**DATA PROVIDED:**
------------------------------------------------

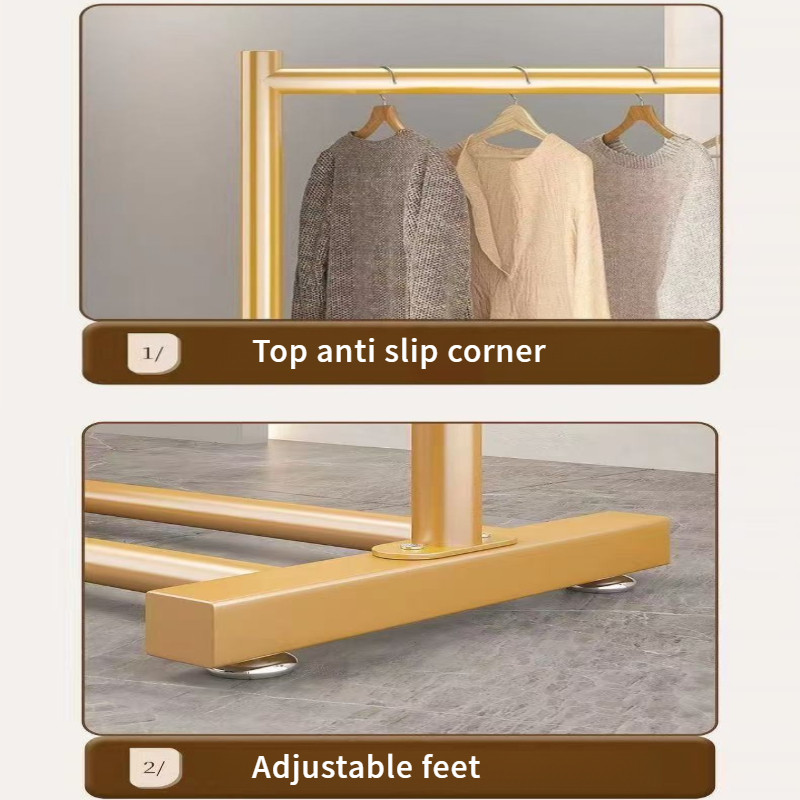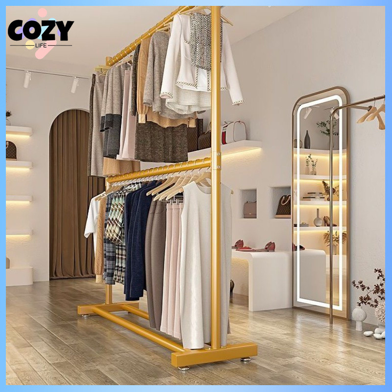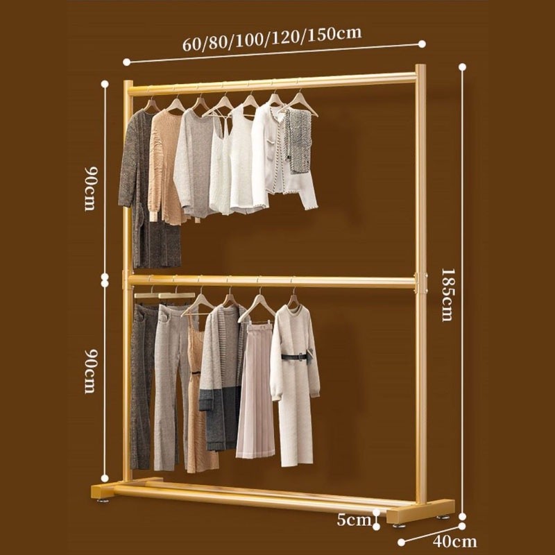 Double floor clothes rack household living room bedroom hanging clothes rack rental room storage drying clothes rack clothing store display rack
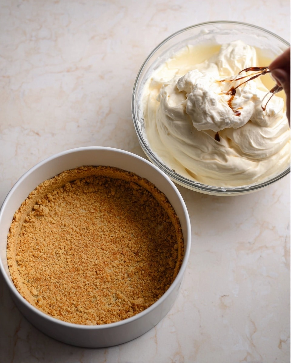 - Prepare the Crust: Preheat oven to 325°F (163°C). Mix graham cracker crumbs and sugar with melted butter until evenly moistened. Press into the bottom of a greased 9-inch springform pan. Bake for 10 minutes and let cool.
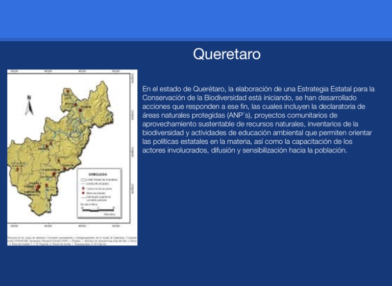 En el estado de Quer茅taro, la elaboraci贸n de una Estrategia Estatal para la Conservaci贸n de la Biodiversidad est谩 iniciando, se han desarrollado acciones que responden a ese fin, las cuales incluyen la declaratoria de 谩reas naturales protegidas (ANP 虂s), proyectos comunitarios de aprovechamiento sustentable de recursos naturales, inventarios de la biodiversidad y actividades de educaci贸n ambiental que permiten orientar las pol铆ticas estatales en la materia, as铆 como la capacitaci贸n de los actores involucrados, difusi贸n y sensibilizaci贸n hacia la poblaci贸n.
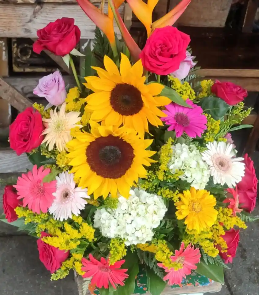 Un ramo que hará que el corazón lata fuerte! 💐🌻 Nuestro ramo grande de rosas flores y girasoles es una explosión de amor, alegría y gratitud. Perfecto para sorprender a alguien especial en un día inolvidable.

------------------------------------------------

**WHAT TO DO:**
An exact printout of the listing is needed, minus any pictures it contains.

**TASK OUTPUT:**
 Double floor clothes rack household living room bedroom hanging clothes rack rental room storage drying clothes rack clothing store display rack
 - Prepare the Crust: Preheat oven to 325°F (163°C). Mix graham cracker crumbs and sugar with melted butter until evenly moistened. Press into the bottom of a greased 9-inch springform pan. Bake for 10 minutes and let cool.
 En el estado de Quer茅taro, la elaboraci贸n de una Estrategia Estatal para la Conservaci贸n de la Biodiversidad est谩 iniciando, se han desarrollado acciones que responden a ese fin, las cuales incluyen la declaratoria de 谩reas naturales protegidas (ANP 虂s), proyectos comunitarios de aprovechamiento sustentable de recursos naturales, inventarios de la biodiversidad y actividades de educaci贸n ambiental que permiten orientar las pol铆ticas estatales en la materia, as铆 como la capacitaci贸n de los actores involucrados, difusi贸n y sensibilizaci贸n hacia la poblaci贸n.
 Un ramo que hará que el corazón lata fuerte! 💐🌻 Nuestro ramo grande de rosas flores y girasoles es una explosión de amor, alegría y gratitud. Perfecto para sorprender a alguien especial en un día inolvidable.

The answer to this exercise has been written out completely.